In short, whether or not Tehran was directly or indirectly behind the recent attacks (the Huthis in Yemen claimed responsibility for the attacks in Saudi Arabia; the earlier offshore incident has gone unclaimed; Iran has denied any connection to the incidents and called for an investigation), and whether or not Washington is manufacturing accusations to justify a spike in military activity, all the ingredients for an escalation are present. Even assuming that neither side seeks war, growing friction at all the flashpoints between the two sides (see our Trigger List early-warning platform) mean that intentions may not suffice to prevent it. The consequences could be calamitous for states and peoples in the immediate region, but also for the international economy, given its high dependence on the free flow of oil from the Gulf.

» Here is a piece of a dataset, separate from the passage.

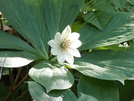 今回の山行での収穫は、ものすごくたくさんキヌガサソウが見られたことと、とっても高い山から初めて日本海を見下ろせたこと。だいたい私ら視界がよくない時にばかり登るから。それでも、高い山の上から見下ろしているはずなのに、水平線がほかの山の頂よりも上に見えたのは感動でした。だぶん、だけど、佐渡も見えたわよ。

Iran should reciprocate by returning into full compliance with the nuclear deal.

It is not too late to avert this outcome. Key to de-escalation will be the ability of the remaining parties to the nuclear deal to give Iran an economic reprieve. In particular, Europe could shed its reluctance to indirectly import Iranian oil in partnership with Russia and China. If Russia swaps oil with Iran and China continues to import Iranian crude, the transactions would generate credit that the parties could inject into Europe’s special purpose financial vehicle (Instex), allowing Iran to engage in trade with these countries without access to the U.S.- dominated global financial system. These countries could also provide Iran with development aid to repair and renew its infrastructure. With Europe demonstrating willingness to go the extra mile, Iran should reciprocate by returning into full compliance with the nuclear deal. It also should exhibit restraint on the regional front and refrain from steps – direct or taken through partners – that could provoke its foes.

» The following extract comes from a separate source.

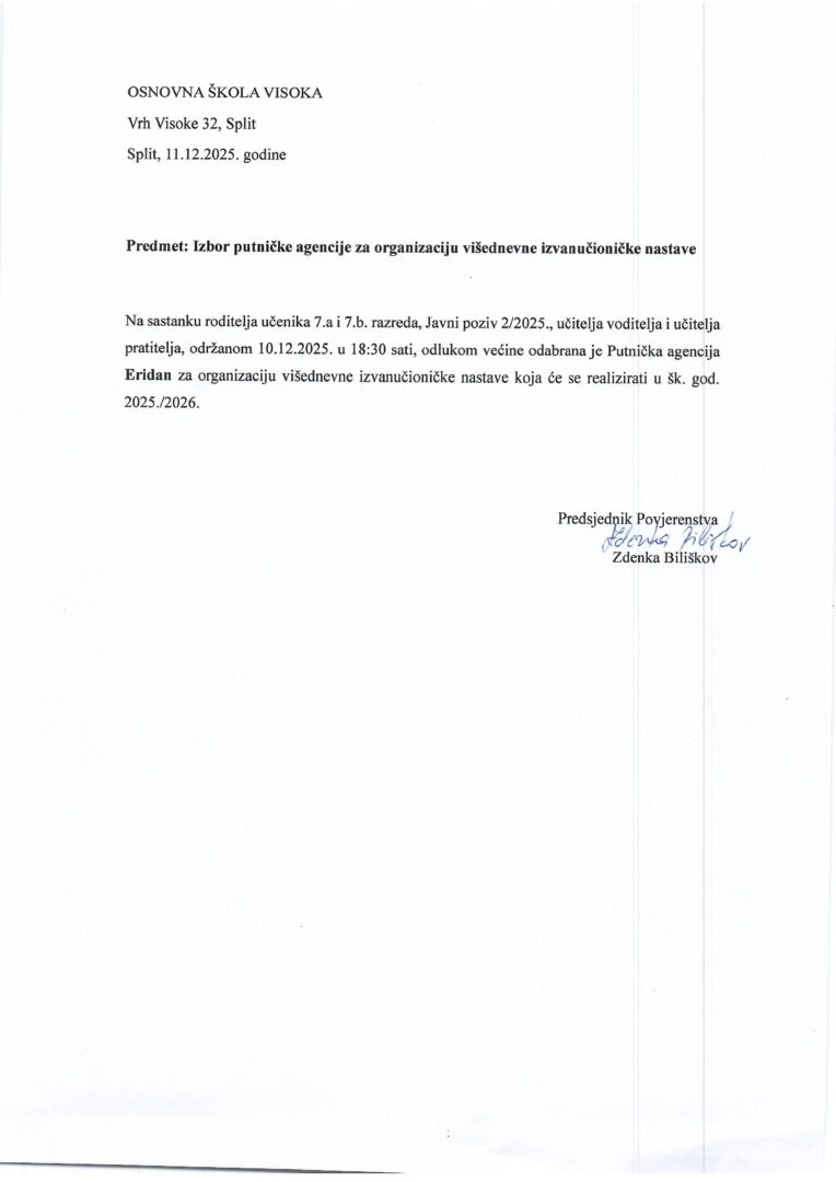 Odluka o izboru putničke agencije za organizaciju izvanučioničke nastave

As for President Donald Trump, he faces a choice. Everything about his 2016 presidential campaign pointed in the direction of avoiding another costly and unnecessary military entanglement in the Middle East. So, too, does much about the vows he has made to his constituency since entering office. But everything about his administration’s policy toward Iran points in a strikingly different direction: toward war, by design or mistake. He says he wants the U.S. and Iran to talk. Yet he should know that the Islamic Republic will not start a dialogue if it feels it has a gun to its head; it will respond to perceived aggression in like manner, and that response could in turn engender an uncontrollable downward spiral. A back-channel dialogue eventually may be possible, but for that the U.S. ought to tone down its rhetoric and offer the Iranian leadership an off-ramp, for example by signalling its preparedness to put aside its maximalist demands and to find a mutually acceptable compromise.

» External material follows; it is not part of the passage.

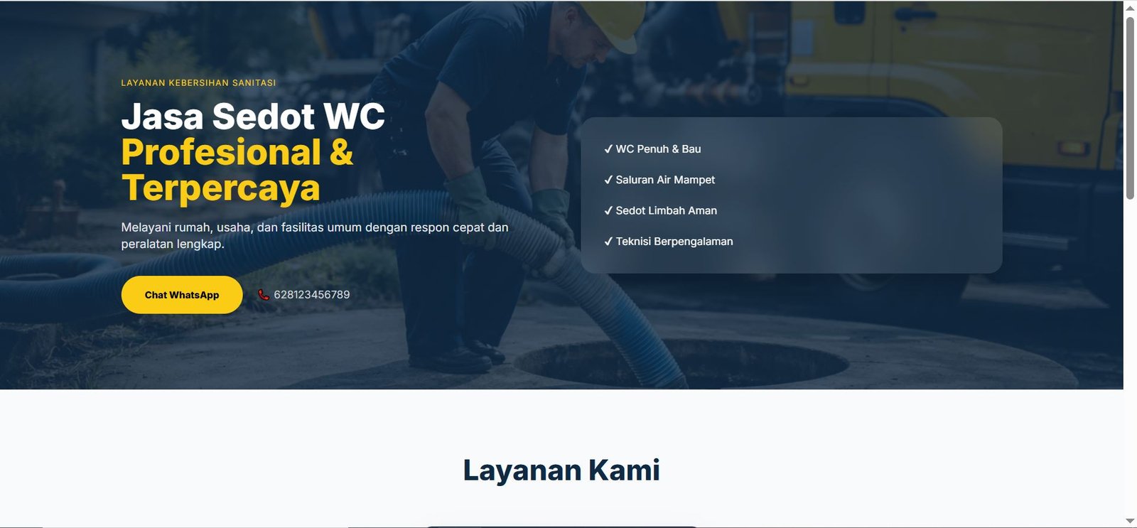 Landing page jasa lokal dengan fokus konversi & kecepatan.

President Trump might think that time is on his side, as sanctions continue to take their toll on the Iranian economy. But the wait-and-see period may have reached the end of its natural life. A crisis that he may not want but that some of his advisers may not mind lies just around the corner. It is past time for cooler heads to prevail and for all to move decisively to take the trains off collision course.